A foolproof plan that has zero issues and is totally enactable.
I map my exit plan while Archie stares at me, his hands clenching and unclenching as his breaths come rapid.
I’ve unpacked already, but I didn’t bring a lot.
Packing it back up would only take five minutes, tops.
I’d have to find a ride, somehow, but even out here they should have a ride service, right?
I can get one and find a café to sit at while I figure out a way home.
I have enough money to rent a car, if need be.
Or maybe I’ll pay the ride service a million dollars to drive me across the state so I can spend the hours sobbing.
Tears prick at my eyes, threatening to start the sobbing now, when I am nowhere near the safety of away from Archie’s sweet, perfect, way-too-good-for-me presence.

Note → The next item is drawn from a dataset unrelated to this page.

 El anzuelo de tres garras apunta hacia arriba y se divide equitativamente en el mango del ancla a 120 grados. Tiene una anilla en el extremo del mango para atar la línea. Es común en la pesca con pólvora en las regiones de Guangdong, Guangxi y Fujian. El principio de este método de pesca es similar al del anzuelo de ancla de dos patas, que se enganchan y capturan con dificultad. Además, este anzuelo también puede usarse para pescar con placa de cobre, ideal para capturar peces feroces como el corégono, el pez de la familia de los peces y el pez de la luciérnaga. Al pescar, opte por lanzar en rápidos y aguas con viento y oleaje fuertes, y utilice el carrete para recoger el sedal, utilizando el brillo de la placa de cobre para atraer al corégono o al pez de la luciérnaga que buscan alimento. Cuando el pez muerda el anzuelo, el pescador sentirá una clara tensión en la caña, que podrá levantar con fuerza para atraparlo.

Archie jolts forward suddenly, framing my face with his hands and kissing me. His kiss is rough and quick and just on the edge of panic.
I have just enough presence of mind to kiss him back before he’s gone, across the couch again, hands tucked neatly in his lap.
“Ar-chie?”
He takes a deep breath, braces himself, then rips the Band-Aid off.
“I wasn’t telling a joke when I said that I torture monsters for fun and for my job.
Ted is an incredibly real, incredibly horrendous man I have lying strapped to a table in my basement as we speak.
Ted, and all of the men,” he spits the word, “that I work on do things—things much worse than anything I’ve ever been able to do to them—and they do these things to children.
Teenagers, sometimes. Women, sometimes. But primarily children.
We—my family here—we work to get these people out of commission.
Stryker takes a quicker, permanent approach usually, but for the ones who are…
particularly bad, he gives them to me, and he lets me play before he or Basil take away the leftovers and put an end to suffering I do not believe should have an end at all.
Typically, they take them in trade for a new monster for me to work on.
” He pauses, jaw working. “I’m sorry, Sarelia.
Not that I do this, but that I didn’t properly convey the nature of my work before our marriage.
I let my excitement lead me, not taking the time to make sure you understood what I was saying, and the seriousness of it, before moving forward in making you my wife.
” His hand lifts, then drops. “I apologize. I… whatever you wish to do going forward, I will honor.”